5-5-21: Narrative Lectionary - Galatians 1 and 2
Let the words of my mouth and the meditation of our
hearts be acceptable in your sight, O Christ our rock and our redeemer. Amen.
In the New Testament, after the Gospels, after the Acts
of the Apostles… we have the Epistles… which is really just a fancy name for
letters in the mail! Basically, when we read the epistles, we are reading
someone else’s mail, but more like a public blog post, or even “letters to the
editor” in your hometown newspaper. All those books in the New Testament with interesting
names are letters by early Christian church planters to their congregations, bearing
the names of the cities the churches were located in. Romans – Rome, in what is
now Italy. Ephesians – Ephesus in modern-day Turkey. Galatia is a region in the
middle of Turkey, and boy, did Paul have some things to say to the members of
the church he helped to plant.
Paul is one of Jesus’ most famous followers and wrote
much of these New Testament letters. But Paul wasn’t always PAUL. In fact, Paul
began his life with the name of Saul - a man infamous for his relentless
harassment of the early church during this period of persecution early in their
history. But while Saul was traveling, a bright light flashed from heaven and
Saul fell to the ground, made completely blind and encountering the risen
Christ for himself – and this is what he alludes to in the beginning of his
letter to the church in Galatia.
After this encounter, and after he was healed, Saul began
to be just as zealous in preaching FOR the gospel of Jesus as he was preaching
AGAINST it. This Saul, who then transitioned and was renamed Paul, planted
churches across the Roman Empire like it was going out of style, then wrote to
them when they would inevitably have problems. And most ironic of all, this
super-strict, religious Jew who once persecuted Christians, became the champion
of the inclusion of non-Jews in the early Christian church.
And that is what Paul is yelling at Cephas – Peter – for:
Not for Peter being “too Jewish” but for Peter not being “Jewish enough.”
Judaism at its core is not just about following some super strict set of laws,
but instead – and I am VASTLY oversimplifying here - obedience to the law comes
out of a response to the grace and love of God… I bet that sounds familiar.
Peter’s mistake was backtracking on the freedoms of the
gospel of Jesus, just because Peter was afraid of the “circumcision faction.”
While this faction has a name that sounds antiquated to our modern ears, we
have a modern word for what the “circumcision faction” was doing –
Gatekeeping. Controlling who was IN and who was OUT.

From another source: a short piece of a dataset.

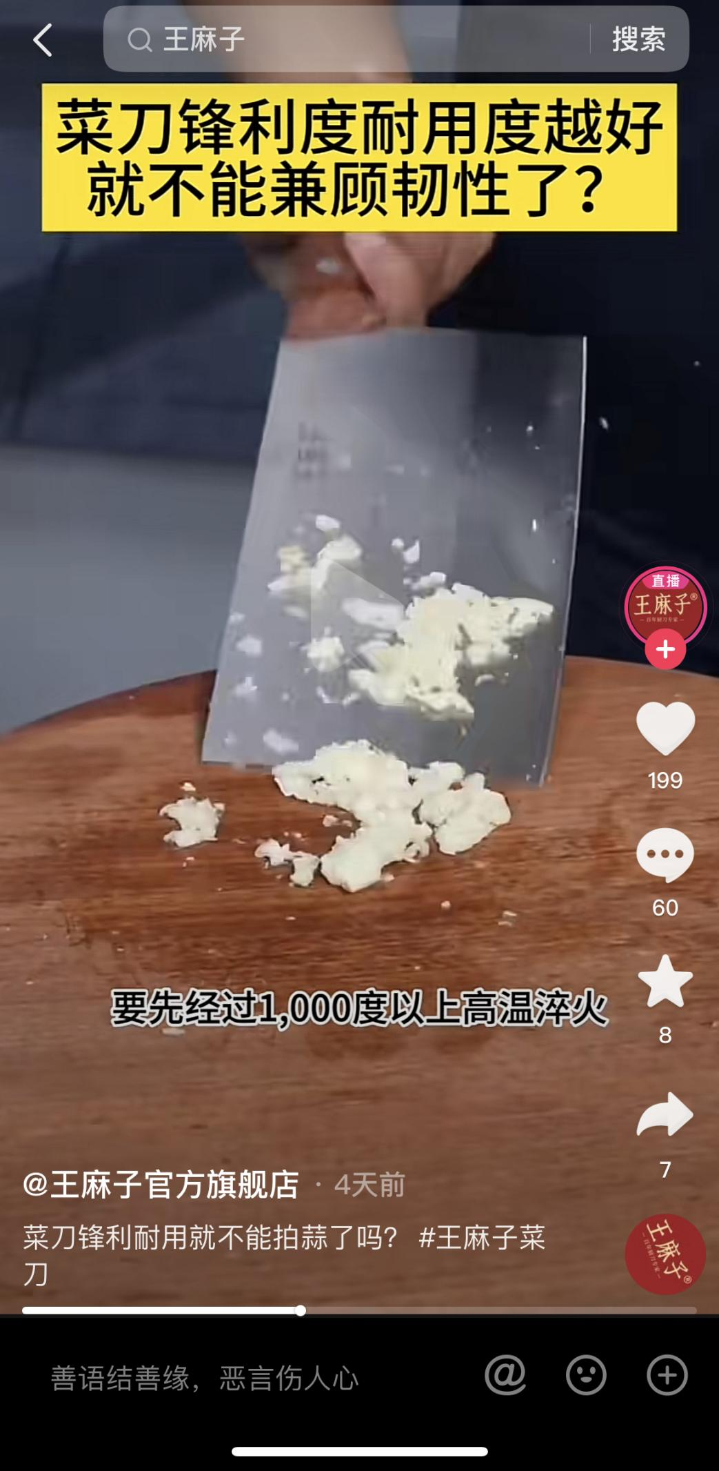 而在此次的“拍蒜斷刀”事件后,王麻子又發(fā)布了一條標(biāo)題為“菜刀鋒利度耐用度越好,就不能兼顧韌性了?”的視頻,視頻中展示的菜刀不僅鋒利,而且還能大力拍蒜、拍黃瓜,甚至拍冰塊。

And so, by Peter’s hypocritical behavior – by being
convinced by a faction of Jewish Christian and refusing to eat with Gentile
Christians – Peter was sanctioning some sort of class system based on
ethnicity, which is antithetical to both Christianity AND Judaism. Peter’s
behavior negates the multi-ethnic and cross-cultural nature of the Gospel, that
Paul spells out in further detail in the rest of Galatians.

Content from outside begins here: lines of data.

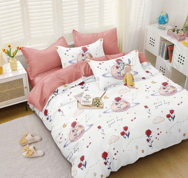 Lenjerie de Pat Dublu 4 Piese – Bumbac Satinat, cu Elastic , Flori/Planete, Roz/Alb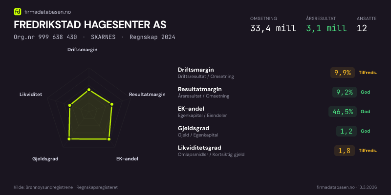 FREDRIKSTAD HAGESENTER AS hadde en omsetning på 33,4 MNOK for regnskapsåret 2024 ifølge siste innsendte årsregnskap. Regnskapstallene hentes fra Brønnøysundregistrene.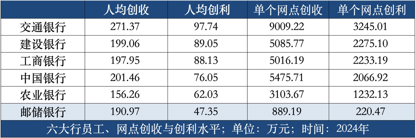 In 2024, PSBC's revenue per capita and profit per capita will be 1.9097 million yuan and 473,500 yuan, respectively, ranking 5th and 6th among the six major banks; the revenue and profit per outlet will be 8.8919 million yuan and 2.2047 million yuan, both ranking 6th among the six major banks, and significantly distant from the other five major banks.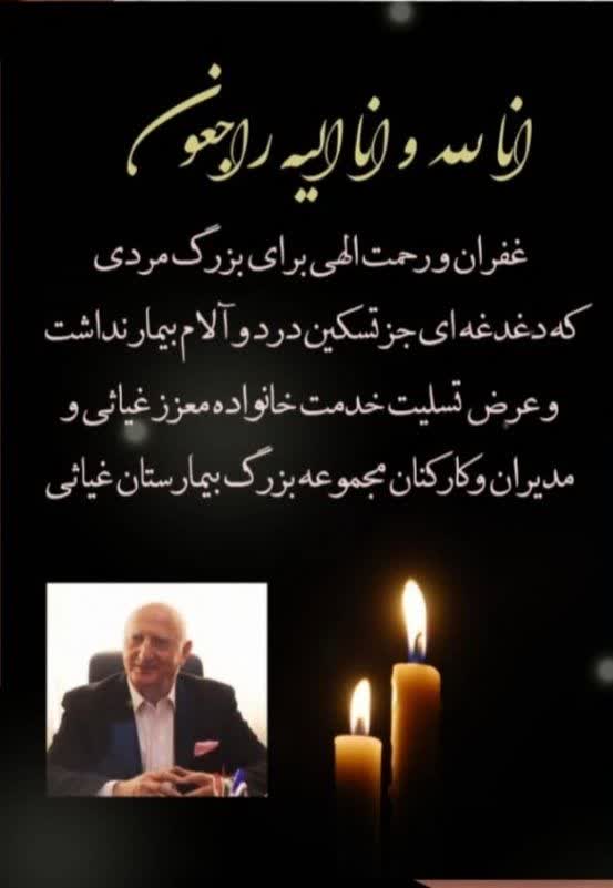 با نهایت تأسف و تاثر ، جناب آقای مهندس ابوالفضل غیاثی از خیرین نیکاندیش کشور دار فانی را وداع گفت.بیتردید خدمات ارزشمند و ماندگار ایشان در حوزه سلامت و امور خیریه، همواره در یاد و خاطر مردم قدرشناس باقی خواهد ماند. همکاران و پرسنل بیمارستان خیریه غیاثی، ضمن عرض تسلیت صمیمانه به خانواده محترم آن […]

I think that Paul was particularly sensitive to this
issue because of his own story – probably why he was brave or brash enough
to call out Peter to his face, and then to spill the tea in the letter to the
Galatians. Because Paul knew what was at stake. Paul himself was welcomed as a
follower of Jesus, even then the other disciples had every reason to be wary
and keep HIM. And now PAUL – once the most rule-following rule follower – is
telling the Galatians, and US, that there is no entrance exam to the community
of faith.
In the name of Paul, we must ask ourselves – how are we,
intentionally or unintentionally being like Peter, gatekeeping the Gospel of
Jesus? What are our expectations that we assumed and accepted that are actually
hinderances for some? Who are we afraid of disappointing with our truly expansive
welcome?
I encourage you to read the whole letter – there is some
really good stuff in there. As the rest of the letter illustrates, there are no
such things as “classes” or rank, or hierarchy of Christians. Just as there is
no ranking of who God loves more, or less, based on the rules – both spoken and
unspoken – that Christians are “supposed to follow.” ALL are welcome, just as
they are. Jesus tore down all the barriers we have put up between us – the last
thing we should do is rebuild them. Thanks be to God. Amen.